Model 2 included further adjustment for all itemized components of the NIHSS, and motor (OR = 2.32, P < .001), LOC (OR = 6.62, P = .004), and ataxia (OR = 3.10, P < .001) were associated with not being discharged home (Table 2). The results remained unchanged after adjusting for the variables “marital status” and “lives alone”.

Using ROC curves, motor deficits (AUC 0.623) appeared to be the most predictive of discharge outcome, followed by ataxia (AUC 0.569) and LOC deficits (AUC 0.517) which were weakly predictive. Other examination features did not perform better than 0.5. In addition, although the admission NIHSS was most predictive of discharge outcome, it only had a fair correlation with discharge outcome (AUC 0.683; Figure 3).

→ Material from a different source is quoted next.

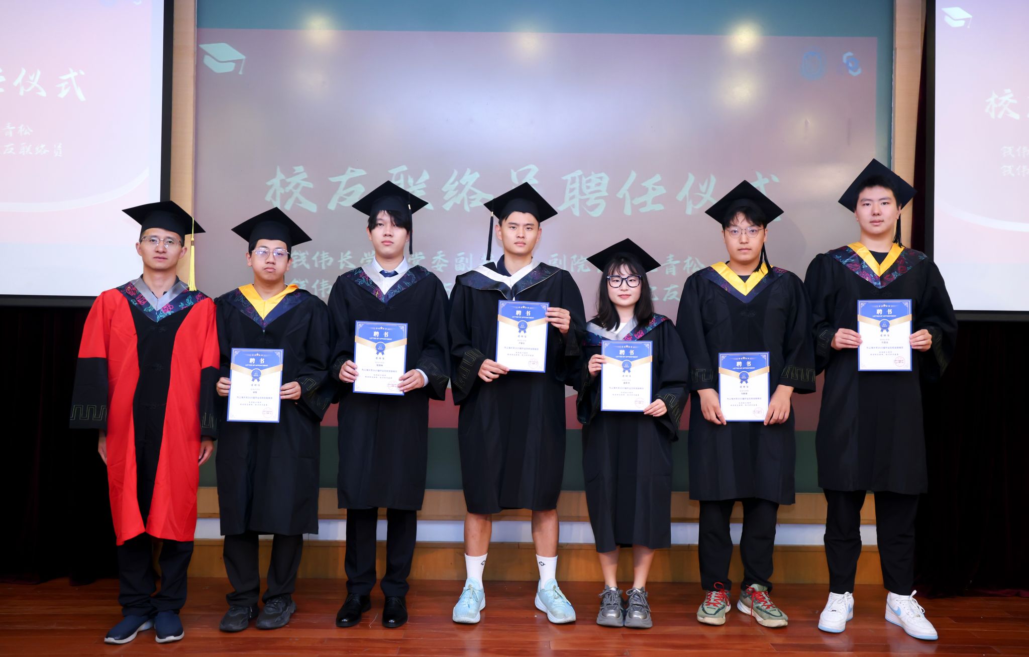 为保持母校与校友间的沟通与联系,典礼上,沈青松老师为盛若鸿、梁衡、马紫健、钱璟林、卢家乐、刘昱含等6名同学颁发了国产亚洲精品美女久久久校友联络员聘书,鼓励他们今后发挥好学校和校友之间的桥梁作用,讲好上大故事、传承伟长精神。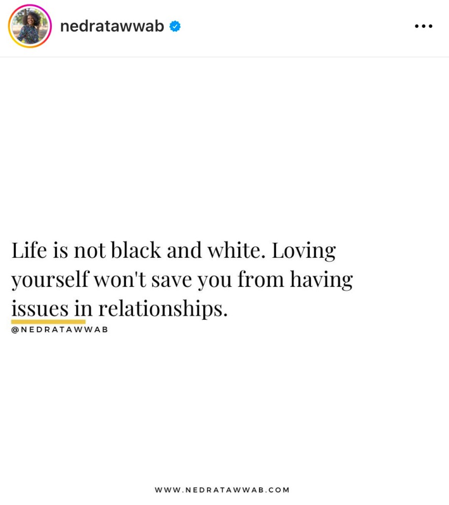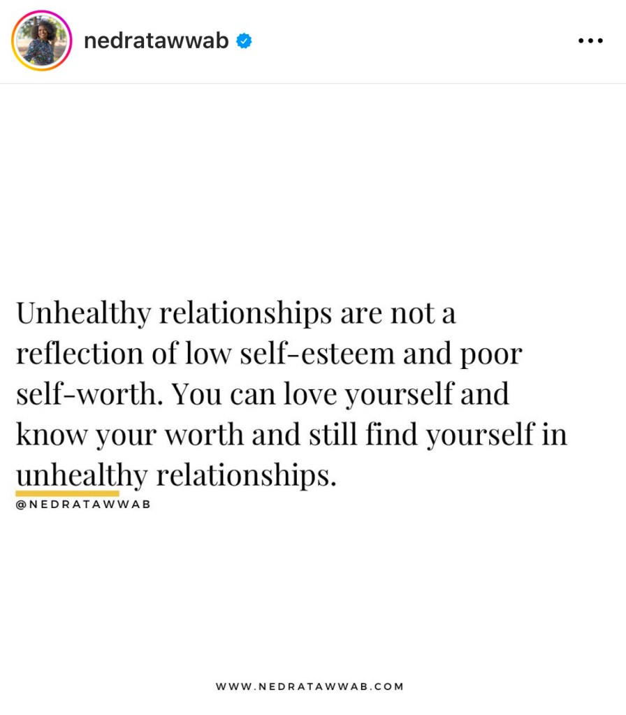 Aujourd’hui, je vais bien, malgré les effets secondaires des violences qui persisteront toujours dans ma vie. C’est facile de me dire de ne pas y penser, de penser seulement aux belles chose et… mais vivre le type de violences que j’ai vécues, ça laisse des traces dans le cerveau, qu’on le veuille ou pas. Dans le système nerveux aussi et le fait de les nier nuit plus qu’il aide. Pendant des années, on a continué à me mettre le fait que je vivais des relations violentes sur le dos, me disant que c’était parce que je ne m’aimais pas, parce que je choisissais de mauvais hommes et… Le fait d’avoir une mauvaise estime de soi ne signifie absolument jamais que c’est votre faute si on vous maltraite. La violence appartient toujours à la personne qui la commet. Pas à celle qui la reçoit. Voir les images de Nedra :

Figure 3. — Area under curve for National Institutes of Health Stroke Scale (NIHSS) score components and NIHSS score in predicting discharge home.

Discussion

The results of our study indicate that patients with any abnormal scores on the itemized items for LOC, motor, or ataxia were less likely to be discharged home, with the motor subset having the strongest effect. The total NIHSS score as well as the itemized NIHSS subsets had only a fair correlation with discharge outcome. Our results suggest that factors not captured by the total NIHSS score which influence discharge disposition in patients with minor stroke include the nature of the deficit.

Clinical Implications

The results of our study are in line with another study showing that in addition to age and NIHSS score, motor scores strongly influence short- and long-term outcomes among patients who were not treated with thrombolysis.¹⁷ This same study also concluded that an NIHSS ≤3 had the highest sensitivity in predicting good outcome after ischemic stroke.¹⁷ Another study limited by a smaller sample size that included patients with NIHSS score ≤6 treated or untreated with intravenous thrombolysis showed that aphasia predicted poor 3-month outcome.¹⁸

Our study advocates that certain items in the NIHSS score are more likely to cause short-term disability than others in patients with minor deficits, though the overall predictive ability is modest. The nature of the neurological deficit, particularly those not captured by the NIHSS, may help risk stratify patients most suitable for randomized clinical trials in minor stroke. For example, ambulation, fine finger movements, cognitive measures, and subtle nondominant hemisphere symptoms are not captured by the NIHSS. These factors could influence discharge and long-term outcomes in patients with minor stroke. The NIHSS does not capture gait or mobility measures, such as gait speed, which can strongly predict outcome in stroke. Distal hand weakness may be an isolated disabling symptom in a number of patients with stroke which is not well captured in the arm drift item. In addition, certain measures of cognition, which may be affected by stroke including visuospatial and executive function¹⁹ are not captured by the stroke scale. Capturing a more sensitive impairment measure in research studies is necessary. These assessments could include gait performance measures or simplified versions of neuropsychological tests. Some of these measures may be obtained quickly and have previously been correlated with functional outcomes in stroke. Perhaps adding those items to the NIHSS score may potentially aid in making treatment decisions in patients with mild deficits otherwise. In addition to the type of deficit, subjective measures related to the patient such as occupation, hobbies, and baseline functional status may play a role in determining the degree to which their deficit impacts their functional outcome.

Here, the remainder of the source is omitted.